Hi Bastien,
On Wed, Aug 7, 2024 at 11:39 AM Bastien Nocera <hadess@xxxxxxxxxx> wrote:
>
> On Tue, 2024-08-06 at 15:08 -0400, Luiz Augusto von Dentz wrote:
> > Hi Bastien,
> >
> > On Mon, Aug 5, 2024 at 10:09 AM Bastien Nocera <hadess@xxxxxxxxxx>
> > wrote:
> > >
> > > uuid_to_le() returns one of the possible values from bt_uuid_len().
> > > bt_uuid_len() returns "type / 8".
> > > type is a value between 0 and 128, but could be something else
> > > depending on the validity of the UUID that's parsed.
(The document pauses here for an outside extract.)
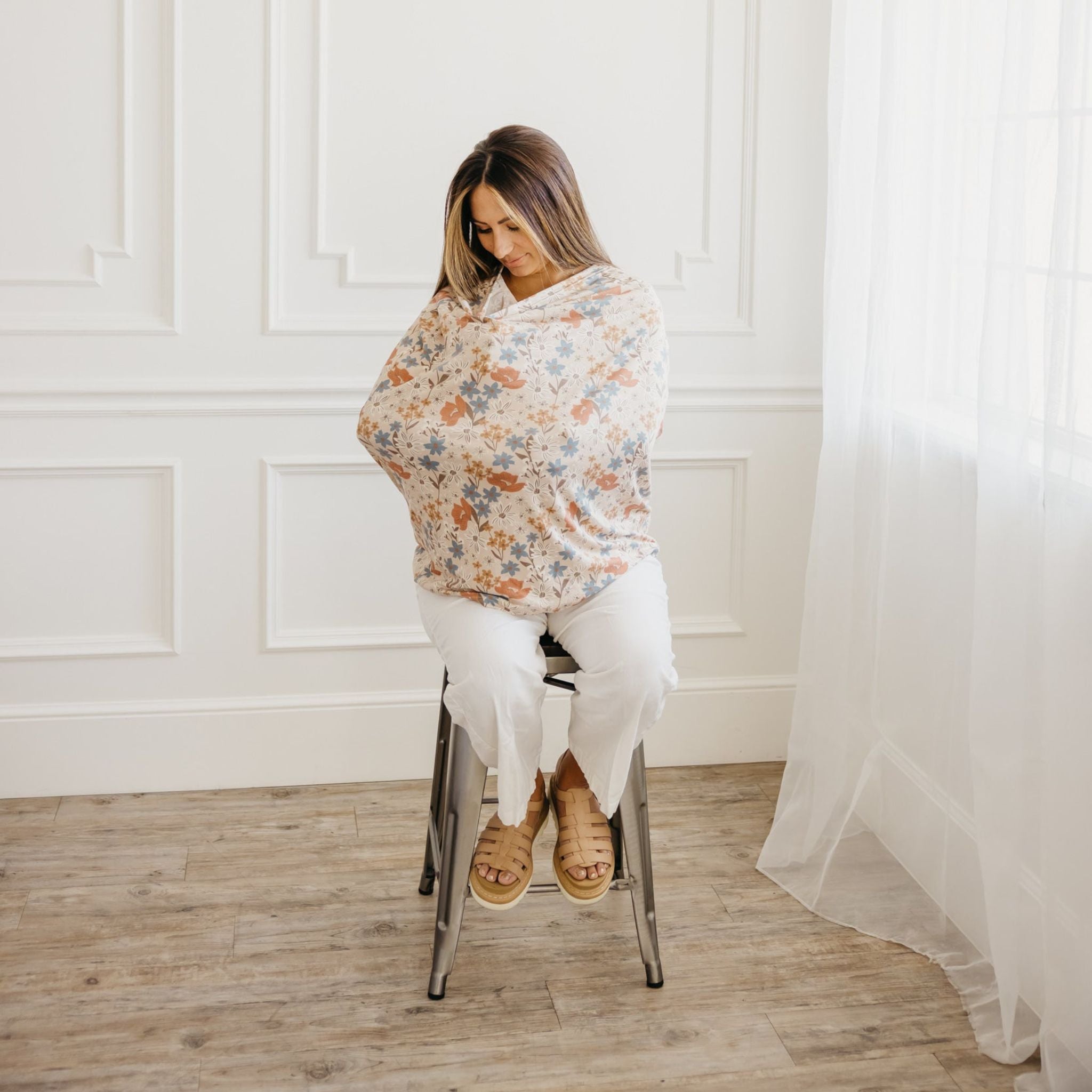 • Stretchy fabric fits most all car seats, shopping carts, high chairs and nursing mothers. It can also be a trendy infinity scarf!

So an invalid
> > > value of type between 128 and 256 would trigger an overrun.
> > >
> > > Add a check to make sure that an invalid type isn't used to
> > > calculate
> > > the length.
> > >
> > > Error: OVERRUN (CWE-119): [#def6] [important]
> > > bluez-5.77/src/shared/gatt-db.c:612:2: assignment: Assigning: "len"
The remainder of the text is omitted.